═════ Study material
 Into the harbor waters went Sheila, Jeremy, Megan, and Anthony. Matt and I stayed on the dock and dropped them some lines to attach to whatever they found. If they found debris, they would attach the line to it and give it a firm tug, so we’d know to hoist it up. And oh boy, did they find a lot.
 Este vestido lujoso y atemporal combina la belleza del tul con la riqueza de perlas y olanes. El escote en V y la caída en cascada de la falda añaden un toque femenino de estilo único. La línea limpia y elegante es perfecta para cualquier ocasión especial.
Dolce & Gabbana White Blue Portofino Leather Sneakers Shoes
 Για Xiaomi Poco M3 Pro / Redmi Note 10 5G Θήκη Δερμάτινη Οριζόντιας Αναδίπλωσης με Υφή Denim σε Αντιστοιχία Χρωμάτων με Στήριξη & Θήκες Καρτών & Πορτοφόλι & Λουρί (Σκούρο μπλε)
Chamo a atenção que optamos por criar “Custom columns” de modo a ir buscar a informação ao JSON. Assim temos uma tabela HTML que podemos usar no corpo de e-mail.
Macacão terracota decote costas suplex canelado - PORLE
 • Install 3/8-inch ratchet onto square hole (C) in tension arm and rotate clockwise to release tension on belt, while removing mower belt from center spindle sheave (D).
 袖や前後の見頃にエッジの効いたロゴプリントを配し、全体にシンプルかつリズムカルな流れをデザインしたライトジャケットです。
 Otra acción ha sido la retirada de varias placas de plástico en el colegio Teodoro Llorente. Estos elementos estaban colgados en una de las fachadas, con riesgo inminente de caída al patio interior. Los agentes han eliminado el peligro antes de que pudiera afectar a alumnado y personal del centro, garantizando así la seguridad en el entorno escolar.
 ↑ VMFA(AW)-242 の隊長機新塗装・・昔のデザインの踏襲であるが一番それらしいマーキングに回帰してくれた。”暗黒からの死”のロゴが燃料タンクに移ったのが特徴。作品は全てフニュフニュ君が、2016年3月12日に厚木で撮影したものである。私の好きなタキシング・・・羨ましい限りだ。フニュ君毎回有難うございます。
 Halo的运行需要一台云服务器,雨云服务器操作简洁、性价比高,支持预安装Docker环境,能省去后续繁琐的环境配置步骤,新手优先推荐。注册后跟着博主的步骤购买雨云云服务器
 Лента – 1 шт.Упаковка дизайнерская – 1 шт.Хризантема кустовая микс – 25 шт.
══════════
Task prompt.
Would you set down the full listing exactly as it reads?

Task result.
 Into the harbor waters went Sheila, Jeremy, Megan, and Anthony. Matt and I stayed on the dock and dropped them some lines to attach to whatever they found. If they found debris, they would attach the line to it and give it a firm tug, so we’d know to hoist it up. And oh boy, did they find a lot.
 Este vestido lujoso y atemporal combina la belleza del tul con la riqueza de perlas y olanes. El escote en V y la caída en cascada de la falda añaden un toque femenino de estilo único. La línea limpia y elegante es perfecta para cualquier ocasión especial.
Dolce & Gabbana White Blue Portofino Leather Sneakers Shoes
 Για Xiaomi Poco M3 Pro / Redmi Note 10 5G Θήκη Δερμάτινη Οριζόντιας Αναδίπλωσης με Υφή Denim σε Αντιστοιχία Χρωμάτων με Στήριξη & Θήκες Καρτών & Πορτοφόλι & Λουρί (Σκούρο μπλε)
Chamo a atenção que optamos por criar “Custom columns” de modo a ir buscar a informação ao JSON. Assim temos uma tabela HTML que podemos usar no corpo de e-mail.
Macacão terracota decote costas suplex canelado - PORLE
 • Install 3/8-inch ratchet onto square hole (C) in tension arm and rotate clockwise to release tension on belt, while removing mower belt from center spindle sheave (D).
 袖や前後の見頃にエッジの効いたロゴプリントを配し、全体にシンプルかつリズムカルな流れをデザインしたライトジャケットです。
 Otra acción ha sido la retirada de varias placas de plástico en el colegio Teodoro Llorente. Estos elementos estaban colgados en una de las fachadas, con riesgo inminente de caída al patio interior. Los agentes han eliminado el peligro antes de que pudiera afectar a alumnado y personal del centro, garantizando así la seguridad en el entorno escolar.
 ↑ VMFA(AW)-242 の隊長機新塗装・・昔のデザインの踏襲であるが一番それらしいマーキングに回帰してくれた。”暗黒からの死”のロゴが燃料タンクに移ったのが特徴。作品は全てフニュフニュ君が、2016年3月12日に厚木で撮影したものである。私の好きなタキシング・・・羨ましい限りだ。フニュ君毎回有難うございます。
 Halo的运行需要一台云服务器,雨云服务器操作简洁、性价比高,支持预安装Docker环境,能省去后续繁琐的环境配置步骤,新手优先推荐。注册后跟着博主的步骤购买雨云云服务器
 Лента – 1 шт.Упаковка дизайнерская – 1 шт.Хризантема кустовая микс – 25 шт.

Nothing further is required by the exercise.